Carne sofferente, perduta. Li ho incontrati in Italia, attivi nei vari giornali, negli ospedali, dietro le cattedre accademiche, nei ministeri. E li ho incontrati a Montreal e a Toronto, costruttori di case e autostrade; e nel Bronx di New York dove un molisano, Arturo Giovannitti di Ripabottoni, diventò il bardo dei lavoratori negli anni venti, degli umili e degli afflitti, guardando al loro futuro attraverso la lotta di classe.


Ninna nanna, figlio di mamma,


Chi t’ha cantata la mia canzone?


Sei nato di marzo come il rondone,


Come la rosa canina e l’agrigna


Mora dei rovi e delle fratte


 


E li ho incontrati in Argentina e nel Brasile, anche lì costruttori, esploratori, dissodatori cauti e precisi.


I molisani non sono una nazione e  nemmeno una regione, ma un seme certo, profondo, araldico.


Ma con mio padre è diverso. E’ stato sempre diverso.


Io me la prendo con lui ora, perché ho scoperto la sua esistenza. E in essa la mia. E in essa la nostra, di molisani col sacco sulle spalle e la fantasia che brucia.

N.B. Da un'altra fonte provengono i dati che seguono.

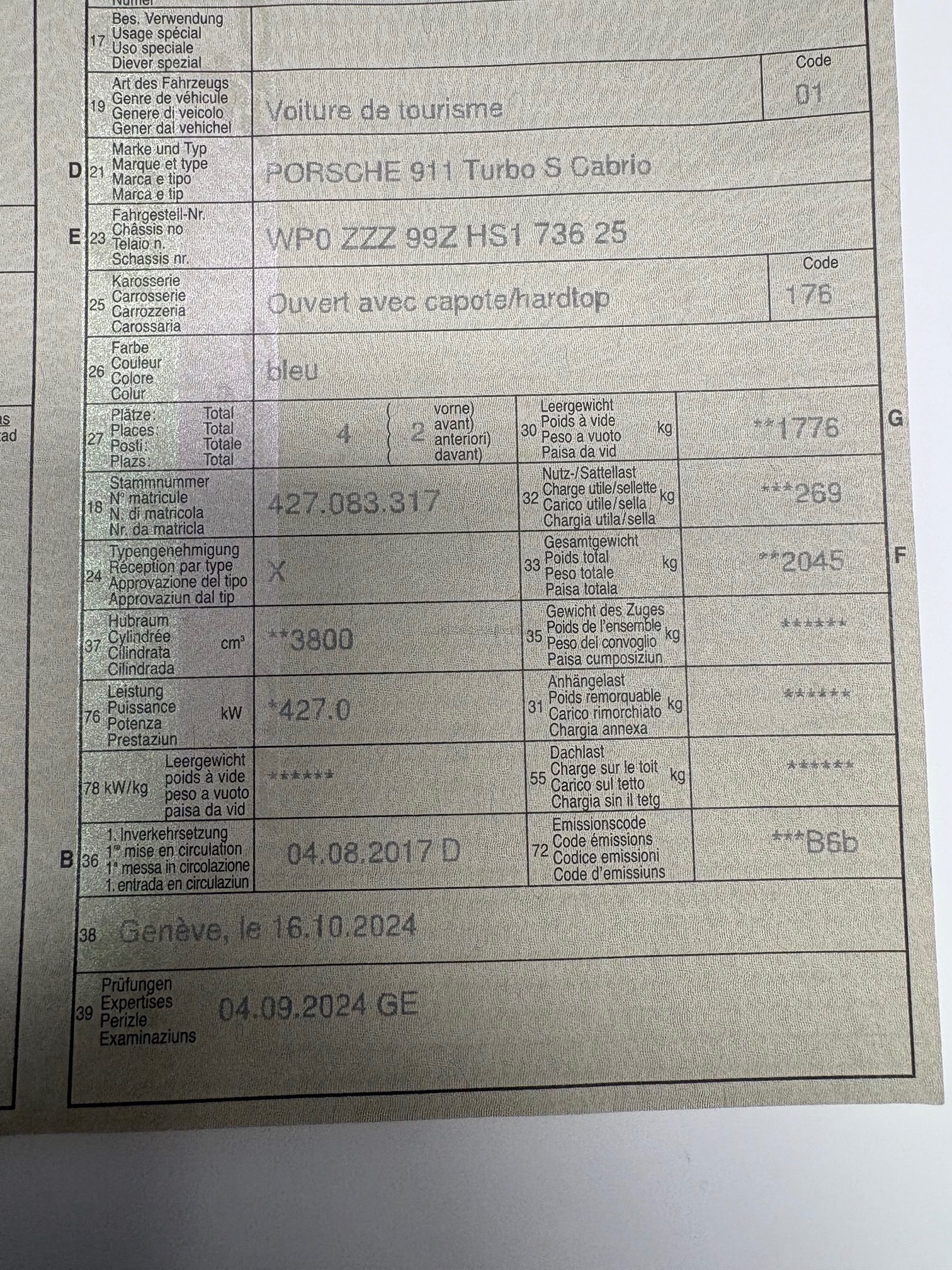 | VIN | WP0XXX |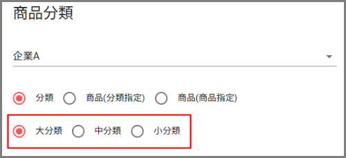 分類、商品いずれかで指定する事が可能です。 初回のデフォルトは、分類となっています。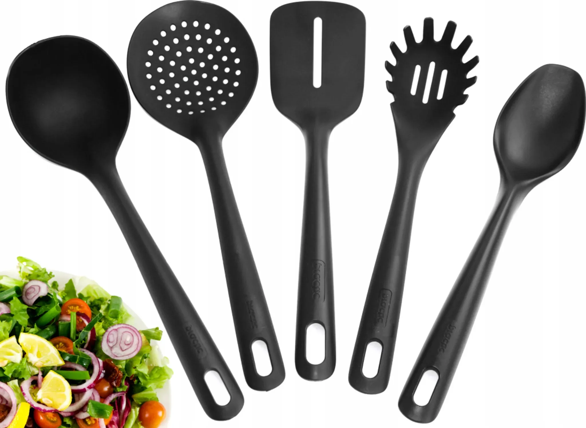 Lieferumfang: 5-teiliges Küchenzubehör Set in Schwarz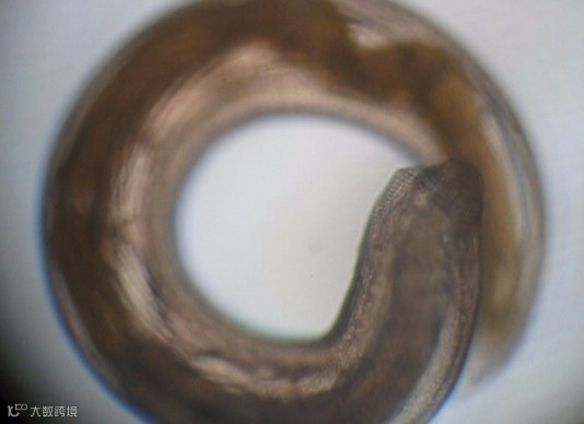 实验君把它放在解剖镜下观察。我勒个苍天!一大片蠕动的虫子!透明的表皮,黄色和白色的身体,有的展开身子像蚯蚓一样游动,有的盘起来像螺蛳一样!可以想象这些家伙在我们的胃里会是什么样!

Lui è nato dove sono nato io, un villaggetto tra le colline appenniniche del Molise meridionale che Polibio chiamò Cales, i feudatari medievali Kalena e Casalchilenda, e gli unionisti ante e post Risorgimento Casacalenda.


Qui ho ascoltato le prime nenie della mia coscienza. Ero un bambino e ho visto gli uomini piangere, non soltanto le donne, per una frana che era arrivata, una mula morta, una bambina sventrata dall’autocarro, e la siccità che ha bruciato il raccolto.


Una delle nenie diceva:


          Possa essere benedetta, Rosa mia.

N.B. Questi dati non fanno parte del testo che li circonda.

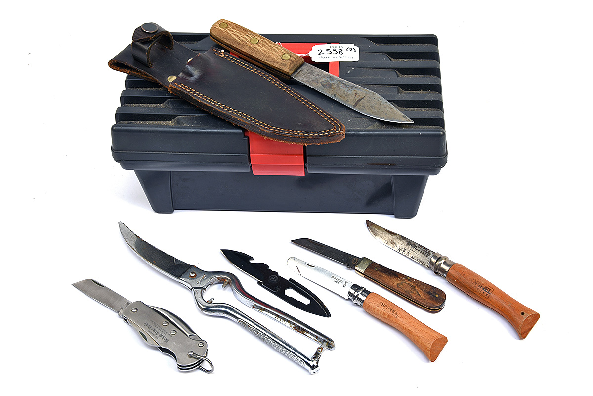 SIX VARIOUS POCKET/HUNTING KNIVES WITH A PAIR OF 'NOGENT' SHEARS IN TOOL BOX, comprising of 1 'OPINEL' approx. 3 1/4in clip point blade, steel bolster, beechwood handle, 1 'OPINEL' No.7 approx. 3in. round tip blade, steel bolster, beechwood handle, 1 unbranded 'MADE IN SHEFFIELD' approx. 2 3/4in sheepfoot blade, nickel silver bolster, wood scale handle, 1 'BRITISH ARMY KNIFE' approx. 2 1/2in sheepfoot blade, can and bottle opener, marlin spike, stainless steel scale handle reading 'THE GENUINE BRITISH ARMY KNIFE STAINLESS STEEL MADE IN SHEFFIELD ENGLAND' 1 unbranded approx. 2 1/4in blackened drop point blade with built in bottle opener on reverse, skeletal black steel handle, 1 unbranded approx. 5in. clip point fixed blade, full tang, wood scale handle in leather sheath, 1 'NOGENT' shears (7) in tool box
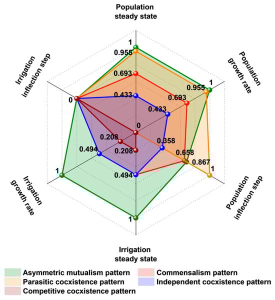 According to the normalized indicator data in Figure 14, the mutualistic symbiosis model exhibits the highest normalized values across all indicators. The parasitic symbiosis model ranks second in population steady-state values, with a value of 0.955. The population normalization value for the asymmetric mutualism pattern is 0.658, while the irrigation area is approximately 0.494. The competition pattern exhibits the lowest normalization value at 0. The steady-state value for the irrigation area is 0.208. The ranking of natural growth rates for rural populations was asymmetric mutualism pattern (1.000) > parasitic coexistence pattern (0.955) > commensalism pattern (0.693) > independent coexistence pattern (0.433) > competitive coexistence pattern (0.000). Analysis of the five coexistence patterns indicates that the mutualistic pattern is optimal for sustaining long-term stable coexistence between rural communities and water management systems. Therefore, enhancing rural investment in and management of water infrastructure, while promoting the establishment of positive feedback mechanisms, will enable the long-term sustainable development of both rural communities and traditional agricultural water facilities (Figure 14).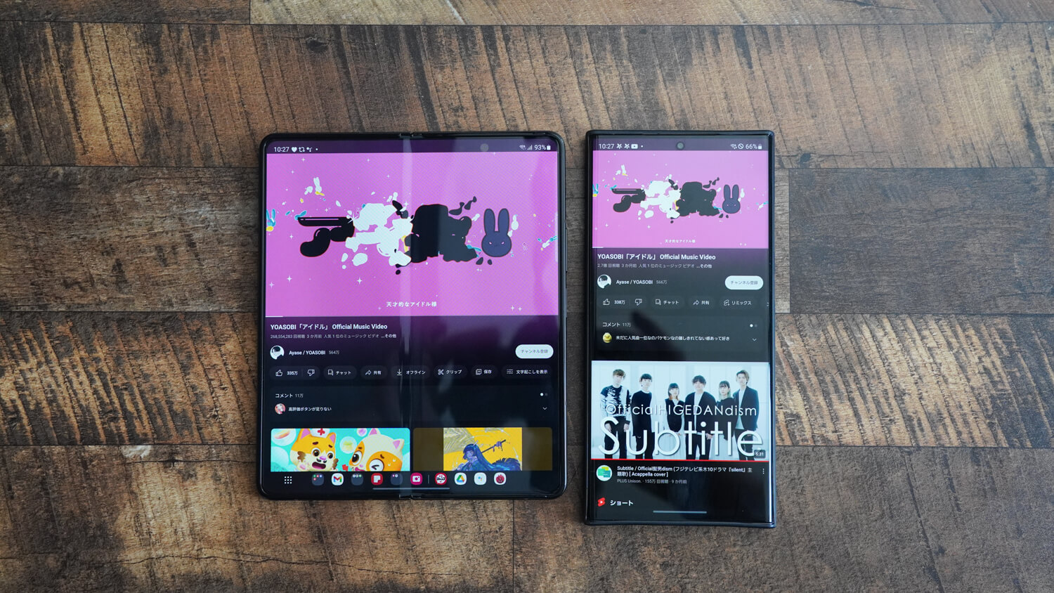 そして逆にGalaxy Z Fold 5の方が優れていると感じる一つ目がコンテンツの表示です。ブック型の折畳式機種を使う上で最大の特徴とも言えるのがコンテンツをより大きく表示できる。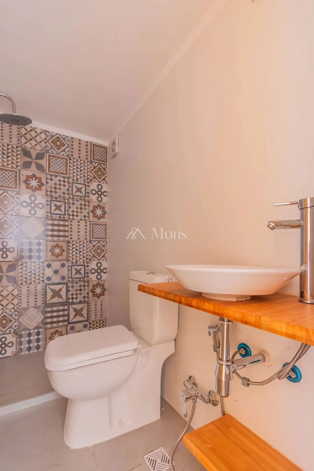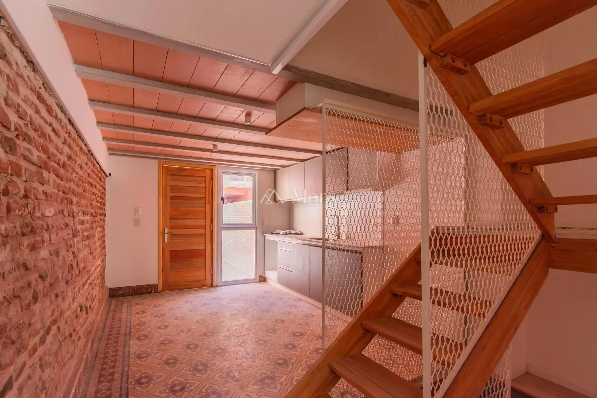 Cuenta con un patio de uso exclusivo que nos da acceso a la entrada del apartamento. Ingresando una amplia cocina, escalera para acceder al sótano y planta alta, living con salida a patio. Baño completo en planta baja. Al tener ambos patios permite el ingreso de luz de manera permanente y buena ventilación.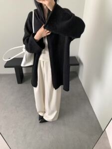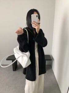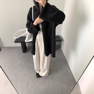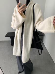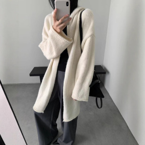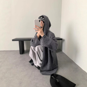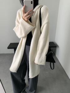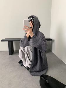 2025秋冬新款连帽针织宽松慵懒风开衫毛衣外套百搭简约卷边上衣

          Teneva le carni come una pollastra.


            Dove devo andarla cercando ora, Rosa?


            Possa essere benedetta.


            Chi vuole più dormire la notte, rosa mia Rosa?


E un’altra:


          Marito mio, sono rimasta con quattro figli.

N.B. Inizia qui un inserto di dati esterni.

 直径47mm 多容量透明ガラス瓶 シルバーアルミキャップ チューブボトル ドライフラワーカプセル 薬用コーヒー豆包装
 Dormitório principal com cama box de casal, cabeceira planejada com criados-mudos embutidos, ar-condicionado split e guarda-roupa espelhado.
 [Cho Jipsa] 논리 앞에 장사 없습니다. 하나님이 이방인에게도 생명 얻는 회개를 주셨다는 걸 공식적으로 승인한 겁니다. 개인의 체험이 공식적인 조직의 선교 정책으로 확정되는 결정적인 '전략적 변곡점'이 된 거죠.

          Come devo fare? Ho faticato per chiamare il sole.


            Una figlia di diciott’anni, robusta e grossa, una giovanone.


            E ora piangi e piangi, ma che ci fai più col pianto?


            Non ho più la figlia mia, non ho più lacrime


Ricchezza mia, cuore di mamma, figlia mia.


 


Tegole volavano dai tetti nella mia infanzia sotto i venti furiosi che scuotevano la terra e le nostre viscere. Due persone morirono con una tegola in testa. Al Circolo dei Galantuomini ripetevano un’antica storia. «Anche Pirro è morto con una tegola in testa. ah».


Questi galantuomini uscivano dalle loro calde case nel buio dei vicoli per una partita a carte al Circolo, raccontando i fatti e i fattacci della giornata. Erano il farmacista e il sindaco, il medico condotto e l’arciprete, l’orefice e l’avvocato, il segretario comunale e il geometra.


Si chiamavano Tata, Giambarba, De Simone, De Liberis, Scocchera, Miozza, corsi, Vincelli, Montagano, De Lisio. Io li guardavo per sapere chi erano. E presto la storia di Pirro raggiunse anche i barbieri e i sarti e i calzolai.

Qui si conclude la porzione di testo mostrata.